Is related to communication between the worker and the broker (in your case the broker is CloudAMQP). See explanation

With the --without-heartbeat the worker won't send heartbeat events

mingle

It only asks for "logical clocks" and "revoked tasks" from other workers on startup.

Taken from whatsnew-3.1

The worker will now attempt to synchronize with other workers in the same cluster.

Synchronized data currently includes revoked tasks and logical clock.

This only happens at startup and causes a one second startup delay to collect broadcast responses from other workers.

You can disable this bootstep using the --without-mingle argument.

Also see docs

gossip

Workers send events to all other workers and this is currently used for "clock synchronization", but it's also possible to write your own handlers on events, such as on_node_join, See docs

Taken from whatsnew-3.1

Workers are now passively subscribing to worker related events like heartbeats.

This means that a worker knows what other workers are doing and can detect if they go offline. Currently this is only used for clock synchronization, but there are many possibilities for future additions and you can write extensions that take advantage of this already.

Some ideas include consensus protocols, reroute task to best worker (based on resource usage or data locality) or restarting workers when they crash.

We believe that although this is a small addition, it opens amazing possibilities.

You can disable this bootstep using the --without-gossip argument.
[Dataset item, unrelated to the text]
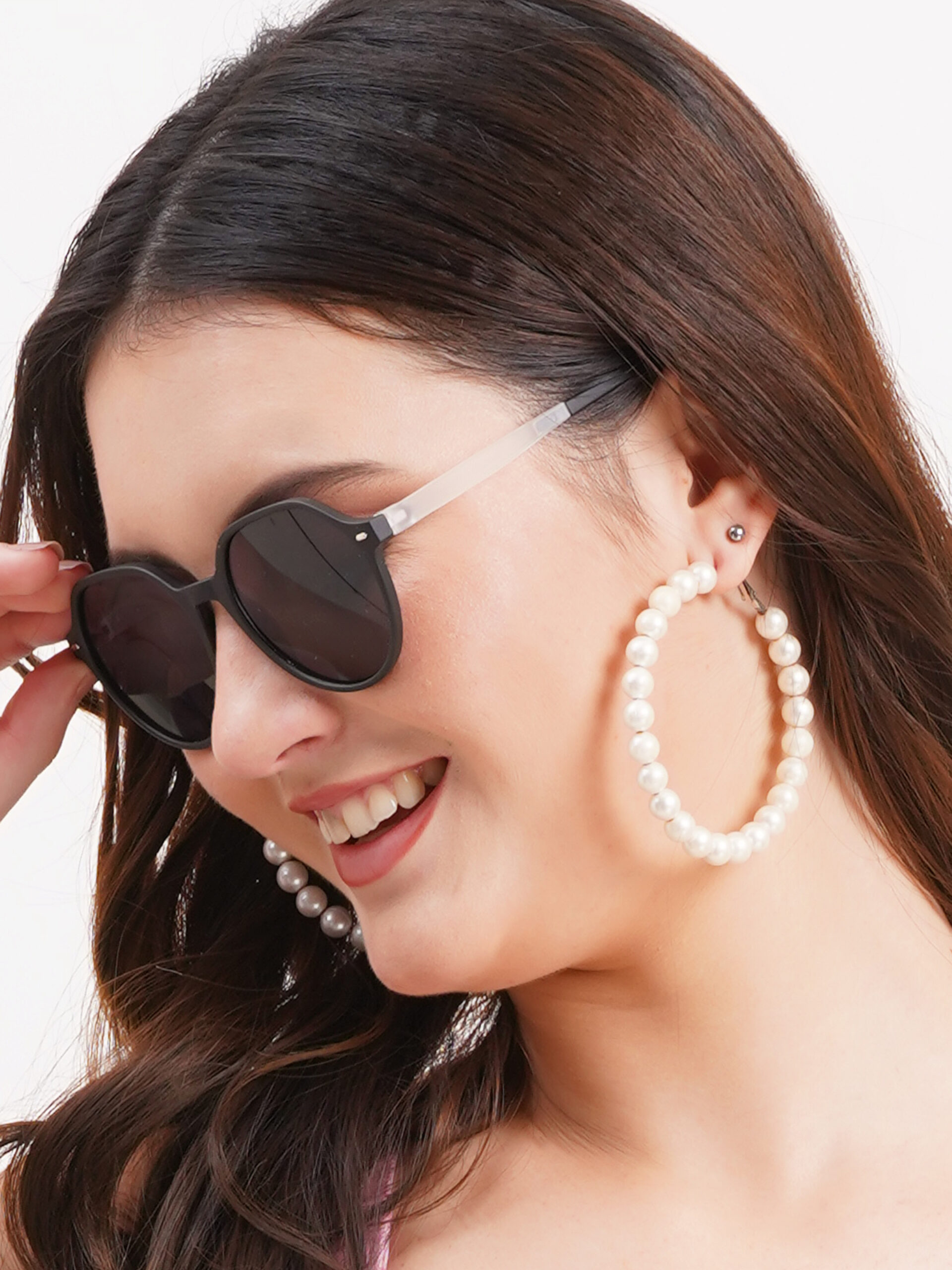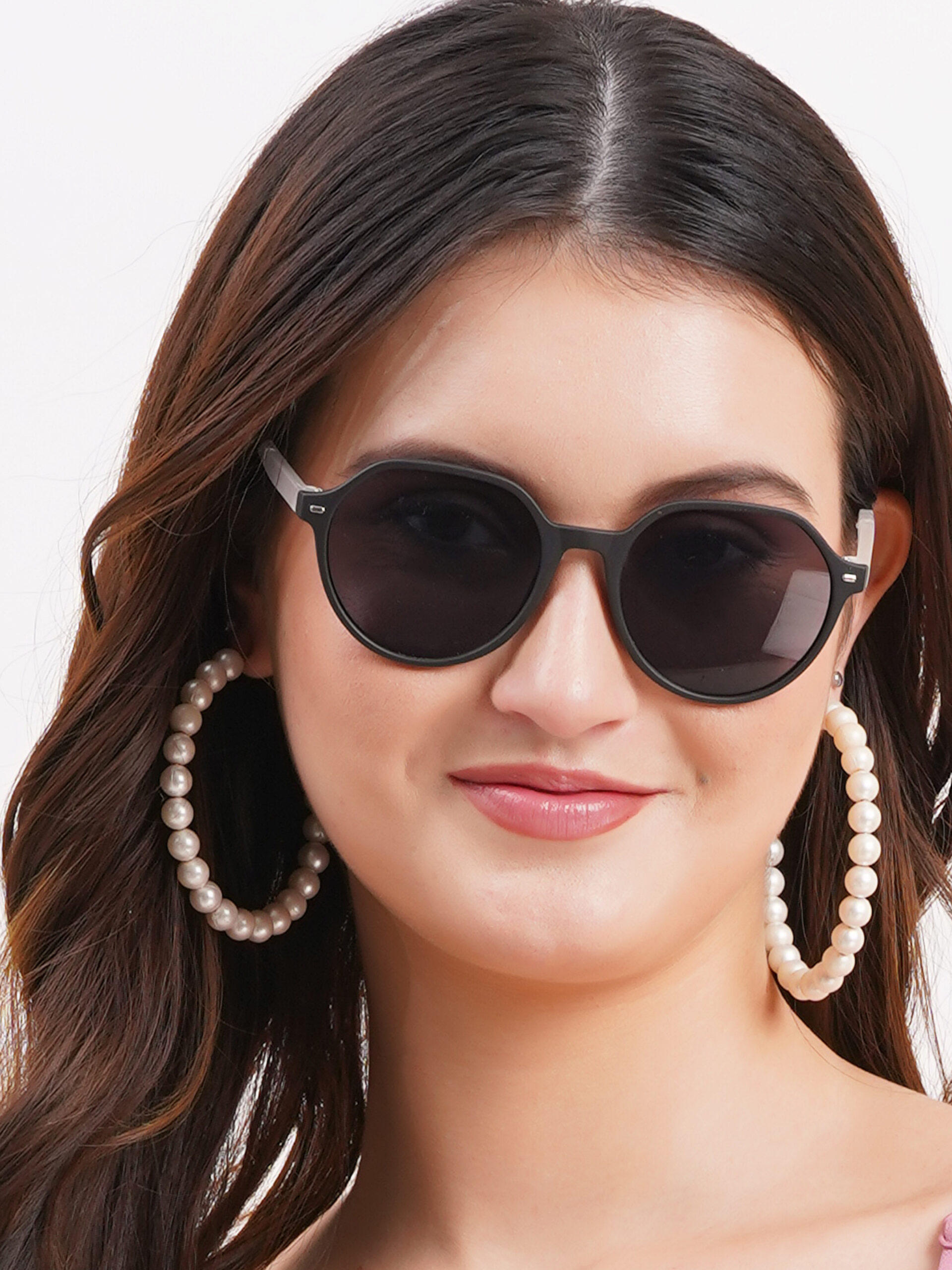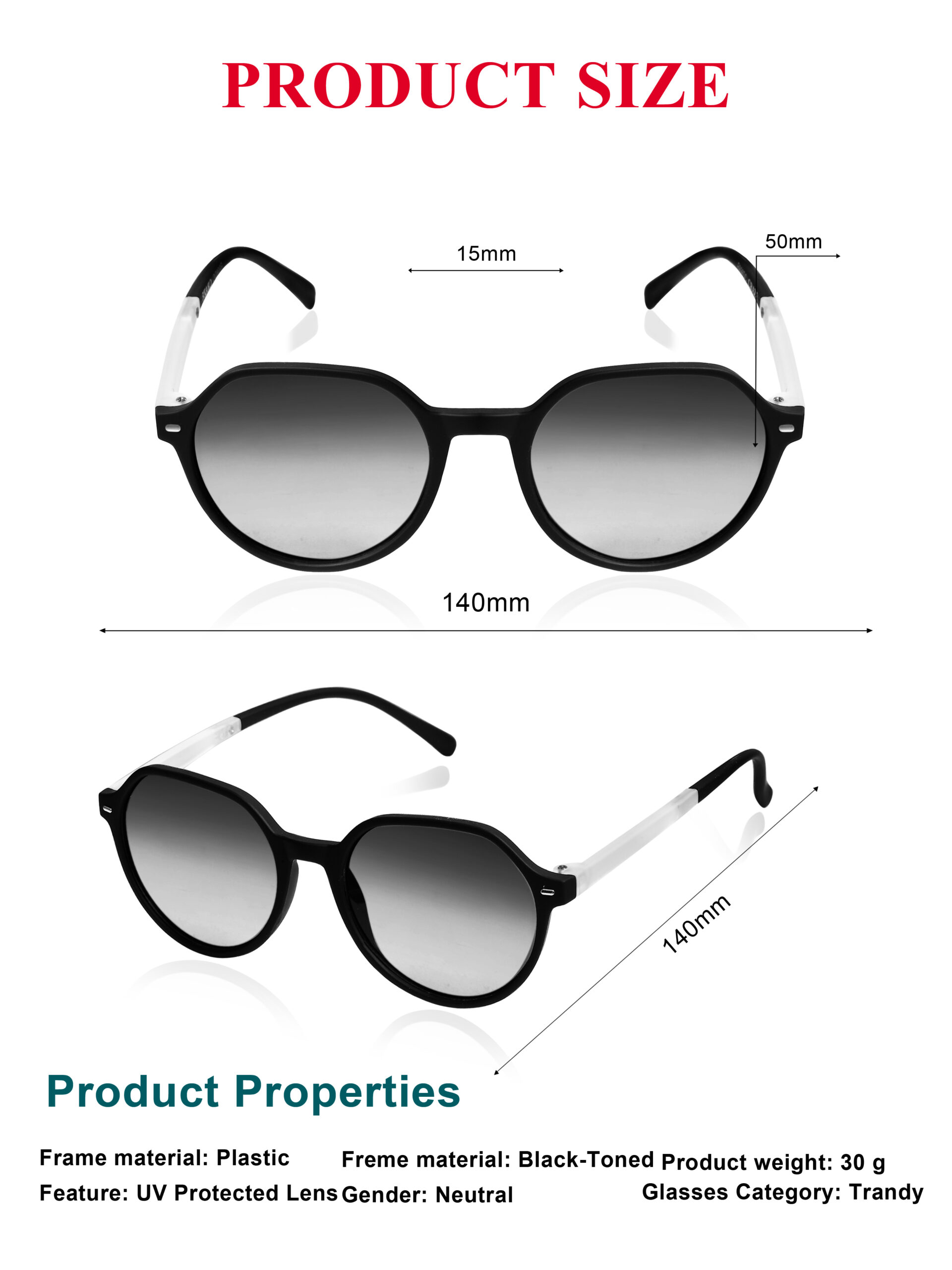 Make a bold style statement with these trendy round sunglasses featuring a sophisticated black frame complemented by striking white arms. The classic round design offers a perfect blend of retro charm and contemporary appeal. These lightweight sunglasses, weighing just 30g, are crafted from durable plastic material and come equipped with UV-protected lenses to shield your eyes from harmful rays. The thoughtfully designed dimensions of 140mm width, 50mm height, and 15mm bridge ensure a comfortable fit for most face shapes. Each pair comes with a premium black leather case featuring a secure button closure to keep your eyewear protected. These versatile sunglasses are perfect for everyday wear, whether you’re heading to the beach, running errands, or enjoying a casual day out. The gradient lenses add an extra touch of sophistication while providing optimal visibility in varying light conditions.
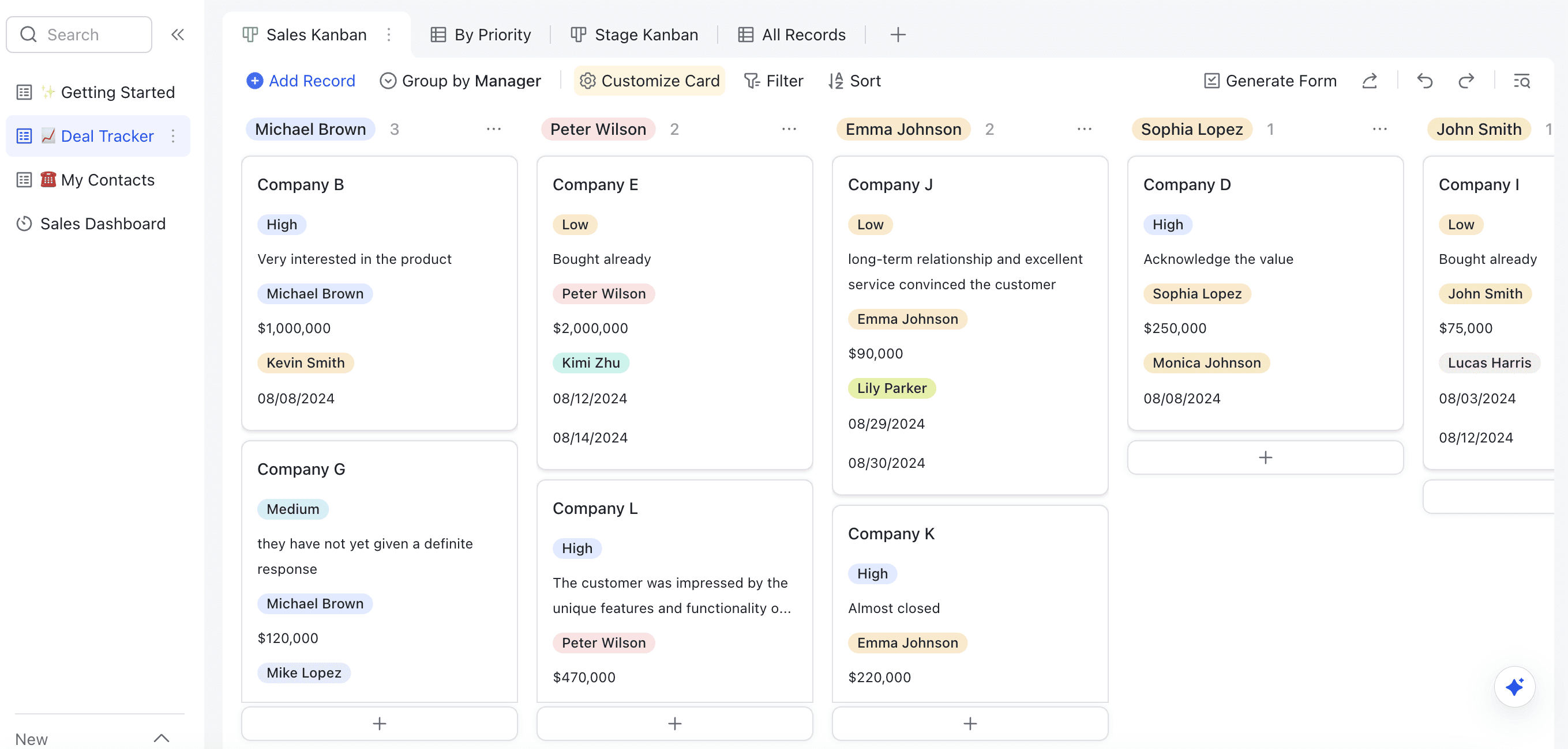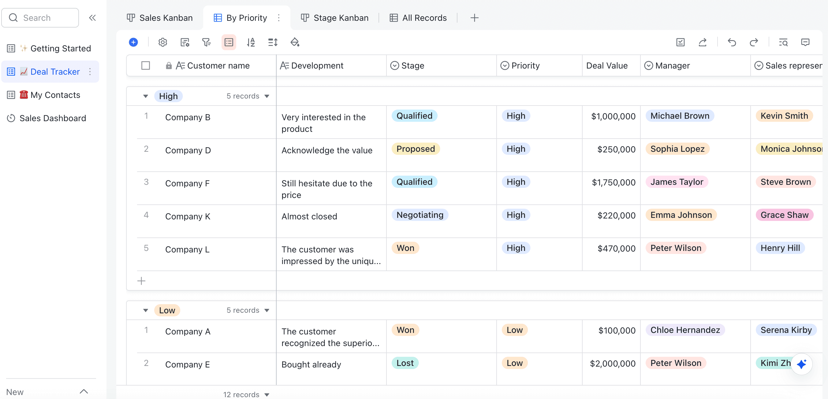 Kanban 보기(위 사진)에서 영업 담당자별 거래를 보는 것 외에도, 기업은 표 보기에서 우선순위별로 거래를 정렬할 수 있습니다…

Celery workers started up with the --without-mingle option, as @ofirule mentioned above, will not receive synchronization data from other workers, particularly revoked tasks. So if you revoke a task, all workers currently running will receive that broadcast and store it in memory so that when one of them eventually picks up the task from the queue, it will not execute it:

https://docs.celeryproject.org/en/stable/userguide/workers.html#persistent-revokes

But if a new worker starts up before that task has been dequeued by a worker that received the broadcast, it doesn't know to revoke the task. If it eventually picks up the task, then the task is executed. You will see this behavior if you're running in an environment where you are dynamically scaling in and out celery workers constantly.